Mend and replace
Thursday January 02nd 2020, 10:59 pm
Filed under: Friends,Life,Politics

I was sitting in the little waiting room at the garage while they tested my tire–yup, a second leak close to the whitewall, too close, can’t mend it this time, they’re ordering me a new one but at least it’s partly covered by the warranty.

So.

There was a man studying what I took to be a textbook at the other end of that long table. (It was.)

I had my needles in hand–Mecha yarn for a hat that was six rows in when I arrived–and was quietly knitting away for that classic little old lady look.

About forty minutes in, he gave it a break for a moment to strike up a conversation with me. I had to make him wait till the air compressor on the other side of the wall stopped so I could hear him.

He wanted to ask my take on the election goings-on.

Which led to my asking if he had a favored candidate, (since he was pushing for me to tell him mine and I wasn’t doing so) and he got a grin on his face and pulled the sides of his button-down open Superman style to show the Superman-styled t-shirt underneath in dark blue.

I recognized that logo and grinned right back. Good for him! We need more involvement!

Turns out that he’d been volunteering as a fundraiser for Yang’s campaign.

We talked about some of Yang’s ideas that we both really like. He didn’t like it quite so much when I said that even if Yang were to lose, so often the best of a candidate’s ideas win out even when the candidate him/herself doesn’t and they do us all good by putting them out there.

I didn’t fully believe in his man, his face said. He was disappointed.

I said I hope the best candidate wins whoever it may be and I don’t even know yet for sure who that might be but I do know that every single one of them is better than…

We moved on from that and it was clear he totally loved being able to talk politics to someone who loved to talk politics, too. And from DC!

Every candidate he admired was a Democrat. And yet it just killed him that, he said, You can’t be a conservative on campus. If you say anything and people find out you’re a conservative they just totally go after you.

I agreed that we all have to be respectful of each other. Absolutely. My grandfather and uncle were Republican Senators, I said, and I quoted what Uncle Bob once told me about how the Republicans believe you should work hard, you should take care of your own, and the Democrats believe the government should help you do so. And they’re both right. The work of Congress is to come together and hammer out the differences between.

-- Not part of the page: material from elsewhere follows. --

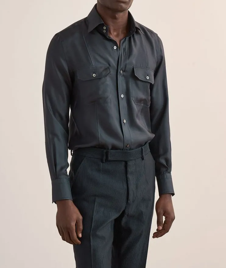 - This shirt has been crafted in a slim fit, designed to sit close against the body.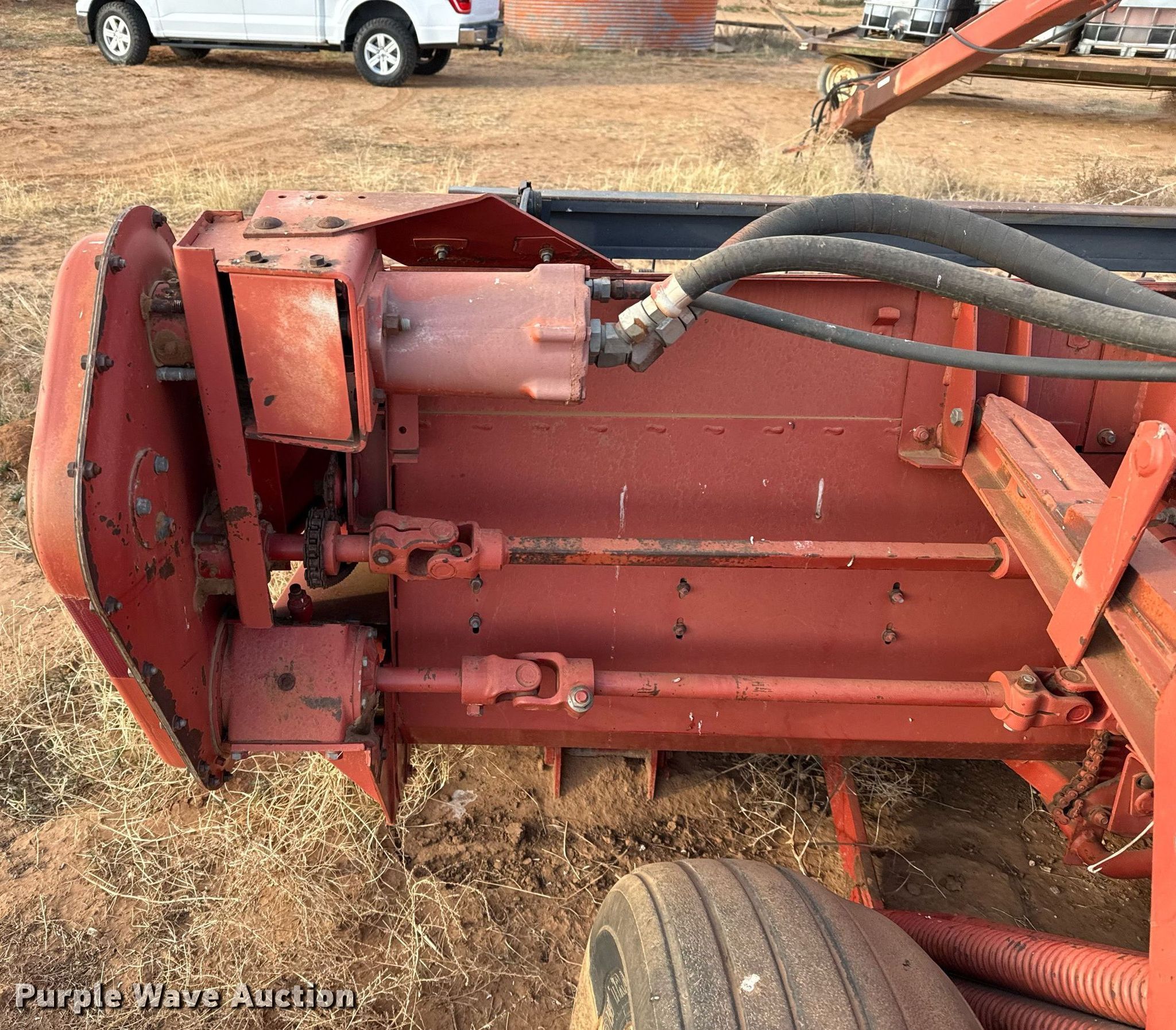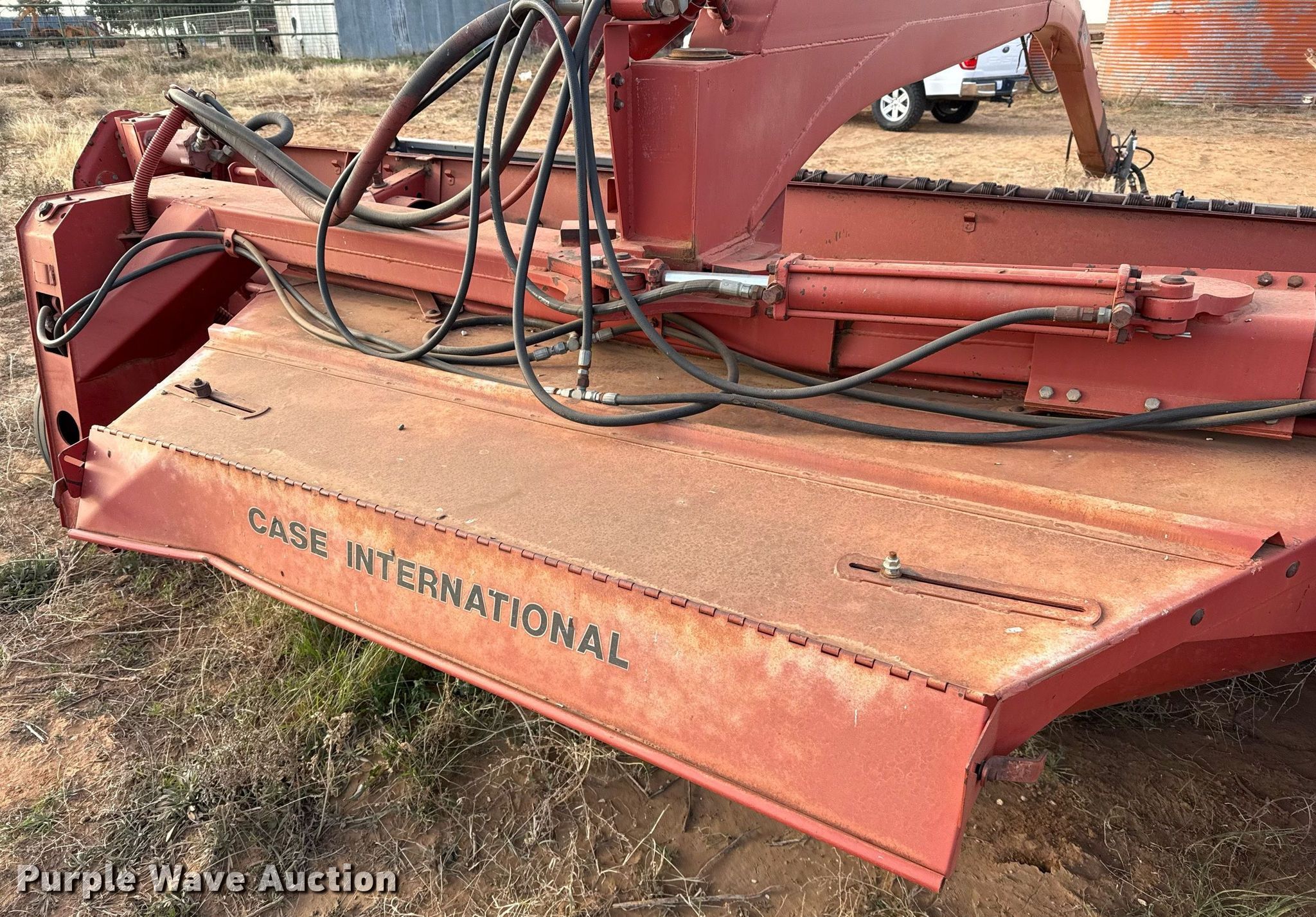 Case IH 8380T swather / windrower. Serial: CFH0087300. Features Hydraulic PTO pump, Center pivot, Hitch Draw bar, Head Sickle, Width: 17', Hydraulic head tilt, Conditioners: Rubber/ steel. Tires Size: 12.5L-15. Notes Bent frame. Big Spring, TX 79720

I had to add, But I cannot be respectful of some of what’s been done in conservatism’s name: separating children from their parents, caging them for seeking asylum–one of my friends got her law degree at Stanford and now works as an immigration lawyer at the border, trying to get the Feds to honor Federal law re asylum statutes. And they won’t. They don’t. She sees the effects day in day out and it’s very hard.

He agreed with me that none of that should be happening and that we need to do something.

His candidate had ideas and indeed, plans to DO things. To look at the problems and come up with solutions.

The mechanic came over to say the guy’s car was done, and the young man got up, more than a little reluctant to leave. But I knew he had a lot of other things on his mind, too.

He is defending his thesis tomorrow at Stanford.

“What’s your area?”

“Math,” he answered. I was proud of him. He’d worked his tail off to get to this point.

I sent that tall child of Asian immigrants off with, “Good luck on your thesis! I’m rooting for you!”

And that clearly made his day most of all.